Principal component analyses were performed using normalized CPMs for all post-filtered genes (supplemental Fig. 4A,B) and for genes identified as DE (supplemental Fig. 4C). Cartesian representations for PC1 vs PC2 captured most of the variability as additional principal components represented less than 10% of the expression variability in all cases (supplemental Fig. 4A).
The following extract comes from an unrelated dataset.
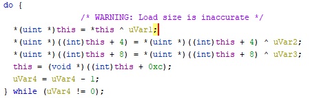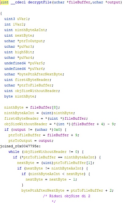 I quickly found where the decompression operation is executed. Ghidra wasn’t really helpful, as you can see from this image (and this is after I’ve modified manually the decompiled code):

Expression of MAPT and RASD2 were quantified from total RNA (miRvana kit) at day 0 (hiPSCs), day 6 (embryoid bodies), day 12 (neurorossetes), and day 20 (neurospheres) with quantitative PCR using taqman primers specified above. Data was calculated as 2-ΔCt for changes in gene expression level compared to hiPSCs stage. Two-way ANOVA test followed by Tukey HSD post-hoc tests where applicable were used to test differences in means across different cells lines along differentiation stages.
Funding
This work was funded by the Tau Consortium (K.S.K., A.M.C., C.M.K.), the National Institutes of Health 1U54NS100717 (K.S.K., A.M.C.), R01AG056058 (K.S.K.) and AG046374 (C.M.K.), the National Science Foundation ISS-0808772, ITR 0331697 (S.K.F.), Cohen Veterans Bioscience (K.S.K.) and the Leo and Ann Albert Charitable Trust (K.S.K.). N.J.S. was supported by a postdoctoral EMBO fellowship.
Author contributions
I.H. and G.L. contributed equally, designing and performing experiments and writing the manuscript. I.H. performed the statistical analyses. J.N.R. performed experiments on Rhes biochemistry. M.G. performed mouse experiments and maintained colonies. D.B. performed immunohistochemistry and microscopy experiments. A.K. performed computational quantifications of brain micrographs and mosaics. C.H. and V.C. performed neuronal differentiation from hiPSCs. E.G. performed IonTorrent sequencing for RNAseq experiments. H.Z. performed RNA sequence mapping and quality control. C.M.K. and A.G. contributed isogenic neurons material for Rhes levels validation and iPS lines generation. C.Z. identified FTD patient with MAPT-G55R, collected skin fibroblasts and prepared primary fibroblast culture. N.J.S., A.D., and A.M.C. designed and performed experiments of lonafarnib effect in proteolysis and lysosomes. S.K.F. performed image analysis and critiqued the manuscript. K.S.K. designed the experiments and wrote the manuscript.
Note
Supplementary Information and source data files are available in the online version of the paper
Acknowledgments
We thank Beverly Davidson for designing and packaging AAV vectors used in this study, and Peter Davies for kindly providing MC1 and PHF-1 antibodies, and Yadong Huang for reprogramming CTR2 and CTR3 iPSCs lines. We also thank the NINDS Cell Repository for the fibroblast lines from the MAPT P301L and V337M mutation carriers, as well as Hyung-Seok Kim and Christine Park for reprogramming MAPT-G55R iPSCs Line.
Footnotes
Competing financial interests: K.S.K. consults for ADRx (Thousand Oaks, CA, U.S.A.)